◆ ENTRIES SHOWN
Content starts
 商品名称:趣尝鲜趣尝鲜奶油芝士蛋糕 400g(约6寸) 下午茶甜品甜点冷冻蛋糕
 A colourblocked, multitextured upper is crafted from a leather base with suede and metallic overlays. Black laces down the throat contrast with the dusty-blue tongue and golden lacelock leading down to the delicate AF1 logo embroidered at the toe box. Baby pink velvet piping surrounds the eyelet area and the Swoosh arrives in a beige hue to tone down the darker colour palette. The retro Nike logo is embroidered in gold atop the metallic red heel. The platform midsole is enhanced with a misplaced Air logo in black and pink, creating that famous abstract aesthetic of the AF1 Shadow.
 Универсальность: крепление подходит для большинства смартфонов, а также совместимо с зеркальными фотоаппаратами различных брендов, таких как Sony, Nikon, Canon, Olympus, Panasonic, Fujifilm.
Content ends
Content starts
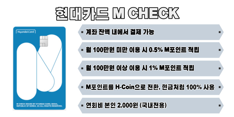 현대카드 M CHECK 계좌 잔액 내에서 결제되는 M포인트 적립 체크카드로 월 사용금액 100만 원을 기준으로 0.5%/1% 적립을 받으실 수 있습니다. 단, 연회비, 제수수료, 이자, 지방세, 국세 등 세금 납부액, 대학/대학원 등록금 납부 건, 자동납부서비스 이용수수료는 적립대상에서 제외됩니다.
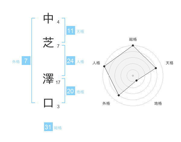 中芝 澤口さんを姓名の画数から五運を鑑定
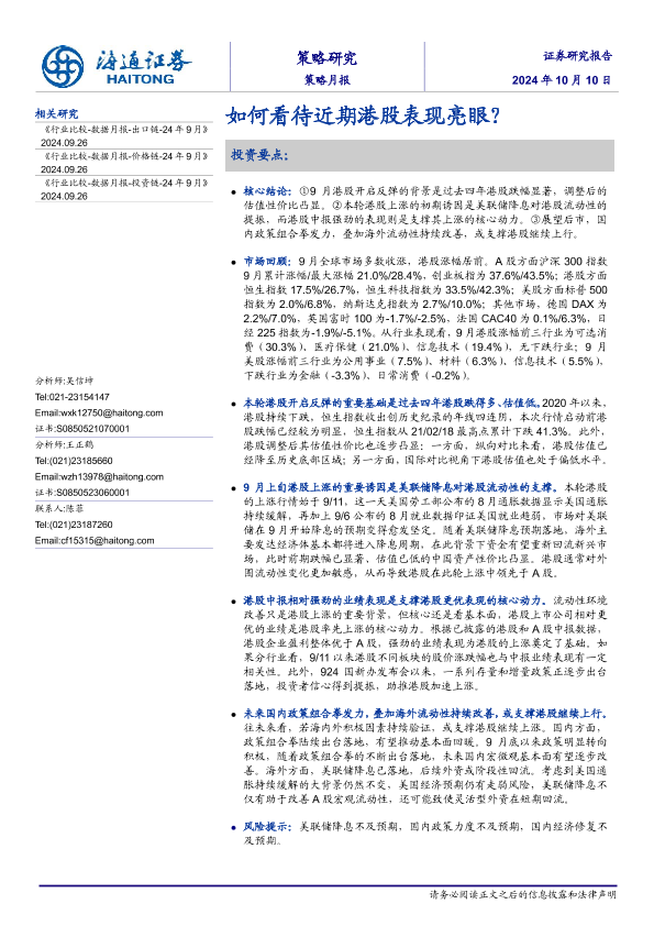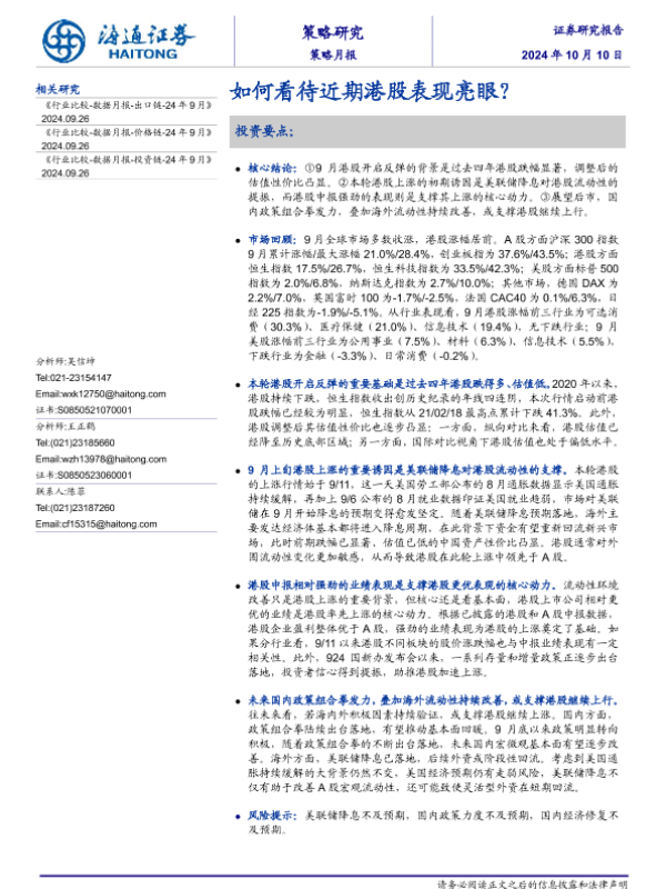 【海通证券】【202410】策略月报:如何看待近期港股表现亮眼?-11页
Content ends
◆ ASSIGNED TASK
Of all the entries above, repeat only the lines from the line that has "商品名称:趣尝鲜趣尝鲜奶油芝士蛋糕 400g(约6寸) 下午茶甜品甜点冷冻蛋糕" to the line that has "Универсальность: крепление подходит", both lines included, exactly.

◆ EXERCISE OUTPUT
 商品名称:趣尝鲜趣尝鲜奶油芝士蛋糕 400g(约6寸) 下午茶甜品甜点冷冻蛋糕
 A colourblocked, multitextured upper is crafted from a leather base with suede and metallic overlays. Black laces down the throat contrast with the dusty-blue tongue and golden lacelock leading down to the delicate AF1 logo embroidered at the toe box. Baby pink velvet piping surrounds the eyelet area and the Swoosh arrives in a beige hue to tone down the darker colour palette. The retro Nike logo is embroidered in gold atop the metallic red heel. The platform midsole is enhanced with a misplaced Air logo in black and pink, creating that famous abstract aesthetic of the AF1 Shadow.
 Универсальность: крепление подходит для большинства смартфонов, а также совместимо с зеркальными фотоаппаратами различных брендов, таких как Sony, Nikon, Canon, Olympus, Panasonic, Fujifilm.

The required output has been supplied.